Barack Obama backs No campaign on Scottish independence and calls for Britain to ‘remain strong, robust and united’

Washington has previously said the US would stay out of the union referendum debate

Adam Withnall
Thursday 05 June 2014 17:28 BST
US President Barack Obama speaks next to David Cameron at a joint news conference after their meeting at the G7 summit in Brussels
US President Barack Obama speaks next to David Cameron at a joint news conference after their meeting at the G7 summit in Brussels (Reuters)

Barack Obama has given a surprise boost to the unionist campaign ahead of the Scottish independence referendum, breaking ranks on the US’s impartial position to call on Britain to remain “a strong, robust, united and effective partner”.

Speaking at a press conference alongside Prime Minister David Cameron following the G7 summit in Brussels, the US President was asked for his thoughts with just 100 days to go until Scotland goes to vote.

And while he began by stating that it was ultimately “up to the people of Scotland”, Mr Obama said that the UK as it stands had been “an extraordinary partner” to the US and “it look[ed] like things have worked pretty well”.

He said: “We obviously have a deep interest in making sure that one of the closest allies we will ever have remains a strong, robust, united and effective partner.”

US diplomats have previously said that the country would stay out of both the independence and EU membership debates going on in the UK.

But Mr Obama also took the opportunity to suggest it is “hard to imagine” that it would be in Britain's interests to break away from Europe.

He nonetheless added: “This is why we have elections, and we'll see the arguments made, and I'm sure the people of Great Britain will make the right decision.”

The Better Together “No” campaigners fighting to keep the union have seized on Mr Obama’s comments, mocking up versions of the iconic Obama “Hope” poster emblazoned with the word “Nope” instead.

The shadow Foreign Secretary and Better Together supporter Douglas Alexander said: “I welcome this important contribution by President Obama.

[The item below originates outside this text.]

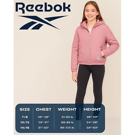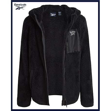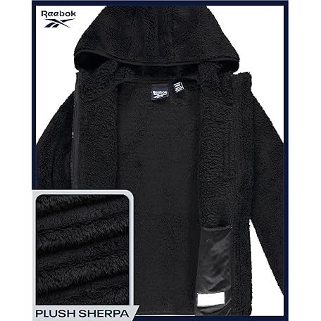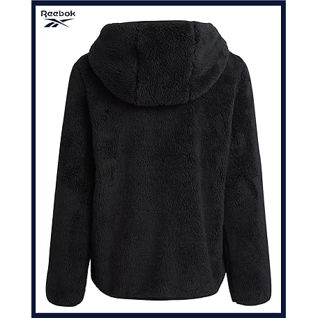• Reebok Girls Fleece Jacket - Full Zip Soft Sherpa Faux Fur Coat Hooded Winter Jacket - Warm Teddy Coat for Girls

His clear statement of support for the UK staying together will resonate with many of us here in Scotland.

As a global statesman President Obama understands that interdependence is a defining feature of our modern world, and that building bridges, not putting up new barriers, is the challenge of our generation.

Meanwhile, Mr Obama also spoke at the press conference about the ongoing controversy over the deal to secure the release of Sergeant Bowe Bergdahl from Taliban captivity.

The US President said he “absolutely makes no apologies” for seeking the deal that also saw five Afghan detainees from Guantanamo Bay returned to the Middle East.

When it comes to getting soldiers back from war, Obama said, “We don't condition whether we make the effort to get them back.”

He also said Bergdahl's health had been deteriorating and “we were deeply concerned about it”.

“We saw an opportunity and we seized it. And I make no apologies for that,” he said.